Interpreted vs Compiled

Interpreted languages step through the code as it’s called, figuring out what to do as it goes.

Compiled languages figure out what they have to do at the beginning, change it all to a machine language that runs faster, and saves all the data for later, whenever it may be needed.

So how do you decide which language you want to write?

Interpreted languages are usually easier to work with and more flexible but compiled languages have better performance. This is obviously a very high overview of the issue, but when you come to write a language, one will probably make more sense than the other for your specific uses.

Implementation Language

The second step to writing a programing language is choosing which other programming language you will be writing it in

I know, it’s weird, but all programming languages are written in another language. somehow, the message has to get down to binary.

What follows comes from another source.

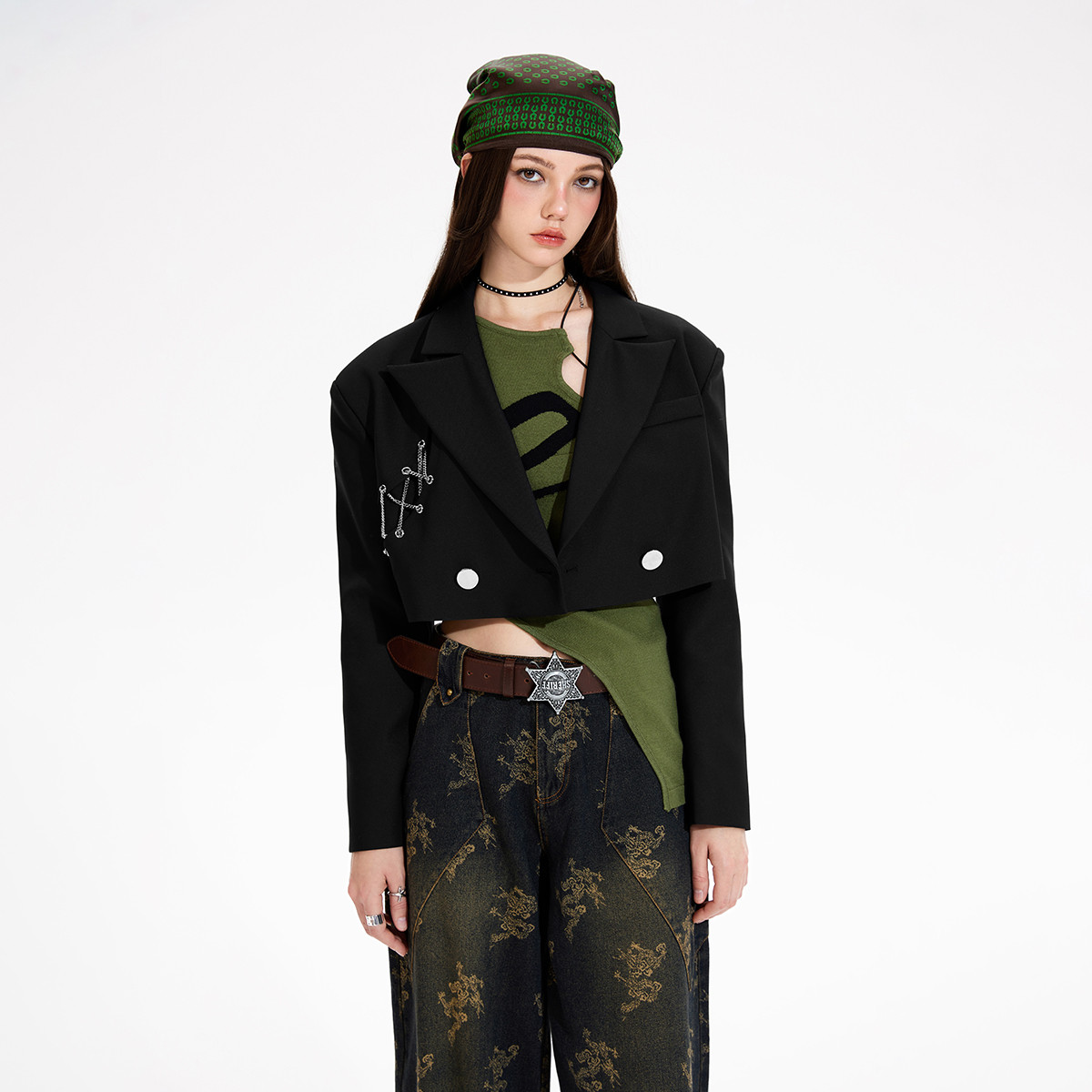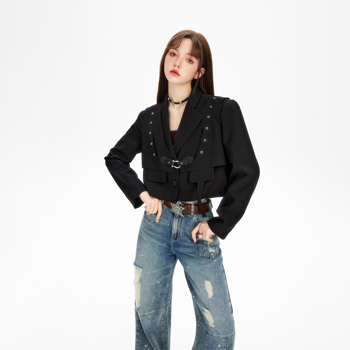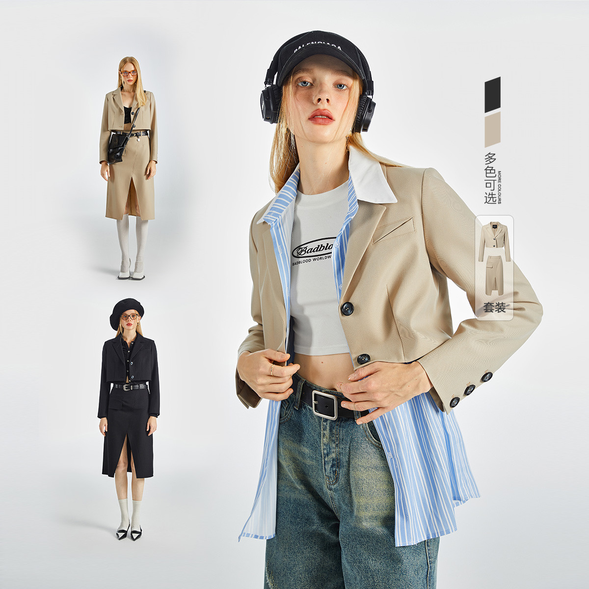 2024季节春秋解构假两件短款西装女廓形小西服设计外套 982420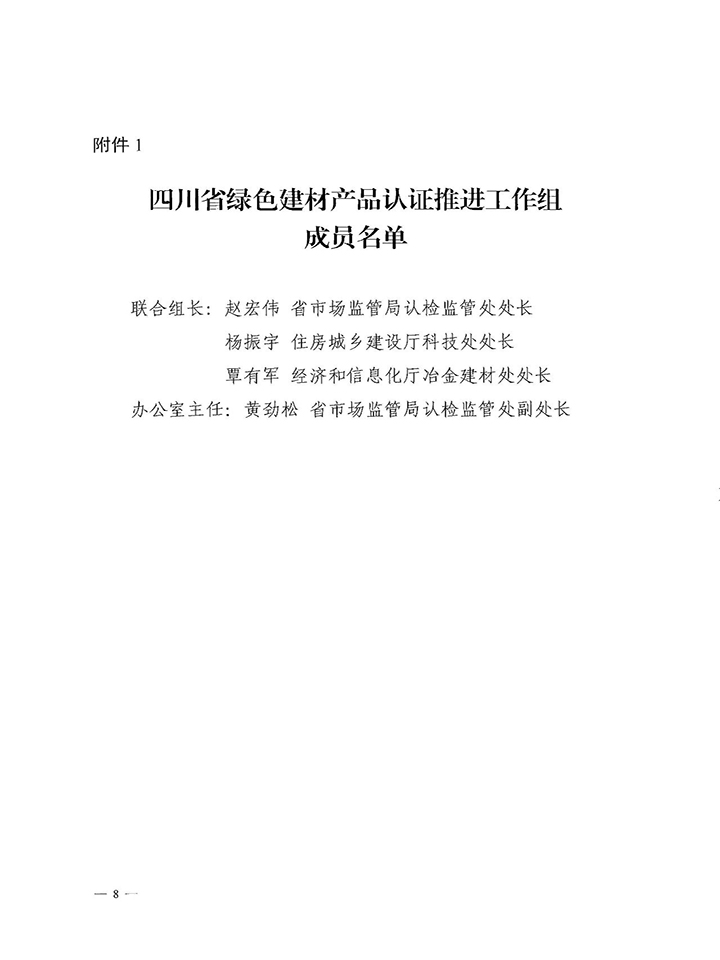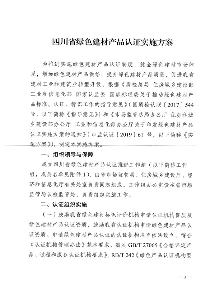 为贯彻落实《市场监管总局办公厅 住房和城乡建设部办公厅 工业和信息化部办公厅关于印发绿色建材产品认证实施方案的通知》(市监认证[2019]61号)要求,省市场监管局、住房城乡建设厅、经济和信息化厅联合制定了《四川省绿色建材产品认证实施方案》。现印发你们,请结合本地区实际认真组织实施。

For example, Ruby’s implementation language is C. Javascript can have many implementation languages, according to the browser running the Javascript, but it is usually implemented with C or C++. Some browsers even run it on Java. That being said, you should try to decide on a single implementation language in order to optimize performance.

When thinking about which language will implement your code, you should think about whether your language is compiled or interpreted. If your language is interpreted, a compiling implementation language is usually preferable as it doesn’t compound the performance issues that come the interpreted languages.

If your language will be compiled, an interpreted language should be good enough.

Lexer

Next, you have to build (or outsource) your lexer. Whats a lexer? It basically chops up each line of code to tokens. What’s an operator? What’s an identifier? Whats a number? It’s responsible for giving each line of code it “role”. It writes all this information out as a list, ready for the next step of interpreting the code.

Parser

After a lexer you have to build or outsource your parsers. The parser's job is to order the list of tokens. It does things such as take into account parentheses and order of operations.

It splits the tokens into an Abstract Syntax Tree which is a node tree. It starts by evaluating the bottom and works its way up.

From the Abstract Syntax Tree, you have to build something for the code to actually run on. This requires things like context and certain nuances that might be specific to your language. This is where the actual language implementation is required. Does your language have global variables? Does it cement which data types are accepted as arguments for functions?

Once you write this out, sometimes referred to as intermediate representation, all you have left is to build your compiler or interpreter and you're done!

jk, that's a lot. But now at least you know the path. Go forth, my son, and create programming languages.

--

--